Dernier changement ?

Retour dans la banque à LBP - La Banque Postale (salaire amputé vs qualité de vie personnelle/professionnelle améliorée), plus de 4 ans comme chef de mission à l’Inspection Générale avec des missions variées, une approche orientée vers l’amélioration et non la sanction, des équipes de jeunes inspecteurs à cadrer, des relations aux plus haut niveau – expérience super. Puis appelé à participer à la création d’un cabinet de conseil interne. Et enfin, responsable de la mise en conformité RGPD (informatique et libertés) pour l’ensemble du groupe LBP, avec des actions allant du juridique au SI, fonction épanouissante. Depuis, 1 an, mis à disposition d’une association – l’IEFP/La Finance pour tous – dans le cadre d’un mécénat de compétences : vulgarisation économique et financière via des articles (Internet ou presse), des conférences pour des étudiants, des formations pour des intervenants auprès de populations en difficulté financière, etc. – des actions de transmission avec neutralité et éthique.

Que dire de LBP ?

Une banque jeune, qui « bouge », avec des projets, un mode de fonctionnement globalement efficace et qui offre à de jeunes ingénieurs des perspectives attractives, dans les secteurs de la maîtrise des risques, des marchés financiers, du SI (digitalisation, cyber-protection, etc.) et bien d’autres.
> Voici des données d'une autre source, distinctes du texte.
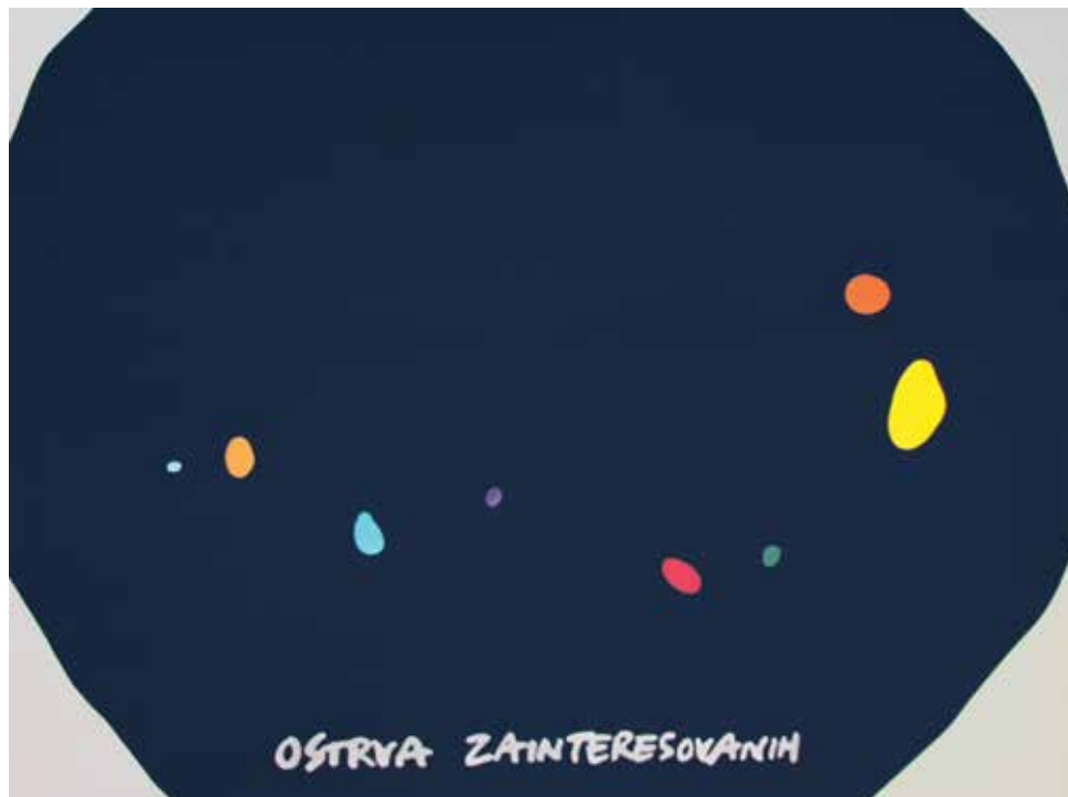
Islands of Interestad , metallic paint on aluminium, 92 x 124 cm, 2013
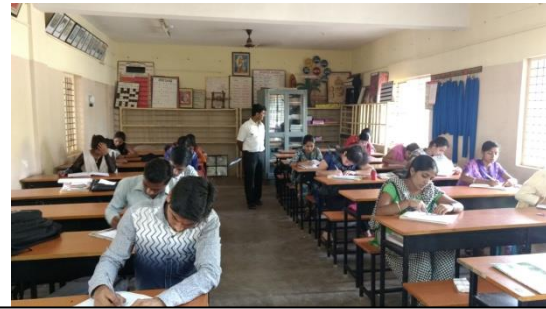
Student Teachers involved in Essay Writing

On eve of World Water Day i.e. on 1 st April 2017 essay competition was organized for our student teachers based on this year's world environment day theme i.e. “Conserve water: Save life” .

Avec en plus, un supplément d’âme : une banque « pas comme les autres ». Un exemple, son mécénat « L’Envol » qui accompagne des jeunes défavorisés de la 2nde au supérieur pour intégrer des filières d’excellence (générale ou pro).

Et bientôt ?

La retraite dans quelques mois, abordée sans appréhension et avec un double sentiment : une vie pro bien remplie et le souhait d’être – au moins un peu – utile. Et enfin, la possibilité de fréquenter les expos en semaine, sans la foule !

Formation ECL dans ce parcours ?

Matériau des enseignements pas utilisé (aie, aie, aie) mais tout le reste a été le nec plus ultra : mener un projet, travailler en équipe (multidisciplinaire, interne/externe, etc.), ne jamais oublier la rigueur (y compris dans les détails, parfois), définir des priorités pour soi et les autres, capacité à sortir du cadre pour innover, analyser et synthétiser, envie d’apprendre et de découvrir… Un conseil pour finir : s’appliquer à communiquer dans un langage simple, adapté à ses différents interlocuteurs.

Auteur

Thierry Rodier est actuellement Chargé de mission à La Banque Postale - Détaché en mécénat de compétences à La finance pour tous.